# TASK ITEM:
Copy the result of filtering the entries below for lines that include the string "with".

# RECORDS PROVIDED:
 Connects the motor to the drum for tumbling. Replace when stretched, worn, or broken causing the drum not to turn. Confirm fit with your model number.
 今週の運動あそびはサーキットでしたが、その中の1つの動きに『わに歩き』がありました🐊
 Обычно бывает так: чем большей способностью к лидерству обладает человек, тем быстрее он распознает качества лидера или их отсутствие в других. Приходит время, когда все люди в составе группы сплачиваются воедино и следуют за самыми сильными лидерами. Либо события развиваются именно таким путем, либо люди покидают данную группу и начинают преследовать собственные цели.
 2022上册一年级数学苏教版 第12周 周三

---

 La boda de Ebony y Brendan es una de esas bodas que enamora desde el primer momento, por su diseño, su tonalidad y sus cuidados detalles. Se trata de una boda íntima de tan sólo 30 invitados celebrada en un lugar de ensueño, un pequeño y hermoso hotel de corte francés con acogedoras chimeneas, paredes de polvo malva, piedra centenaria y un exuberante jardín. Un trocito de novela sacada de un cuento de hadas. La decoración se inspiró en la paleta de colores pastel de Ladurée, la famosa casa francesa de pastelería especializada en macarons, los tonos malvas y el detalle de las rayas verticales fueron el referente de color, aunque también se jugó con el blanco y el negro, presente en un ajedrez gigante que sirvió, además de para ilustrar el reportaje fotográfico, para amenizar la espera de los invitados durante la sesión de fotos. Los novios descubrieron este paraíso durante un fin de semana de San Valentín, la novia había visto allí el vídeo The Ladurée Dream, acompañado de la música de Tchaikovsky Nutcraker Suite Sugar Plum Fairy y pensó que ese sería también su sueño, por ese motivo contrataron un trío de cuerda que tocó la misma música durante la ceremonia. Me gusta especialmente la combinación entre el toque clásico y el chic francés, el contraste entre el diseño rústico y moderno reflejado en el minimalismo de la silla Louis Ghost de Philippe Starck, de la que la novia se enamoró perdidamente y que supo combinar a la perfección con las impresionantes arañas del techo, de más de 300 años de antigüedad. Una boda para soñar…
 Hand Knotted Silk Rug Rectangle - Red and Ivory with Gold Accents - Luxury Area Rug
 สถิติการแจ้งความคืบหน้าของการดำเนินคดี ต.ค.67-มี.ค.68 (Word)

# OUTPUT FOR THIS EXERCISE:
 Connects the motor to the drum for tumbling. Replace when stretched, worn, or broken causing the drum not to turn. Confirm fit with your model number.
 Hand Knotted Silk Rug Rectangle - Red and Ivory with Gold Accents - Luxury Area Rug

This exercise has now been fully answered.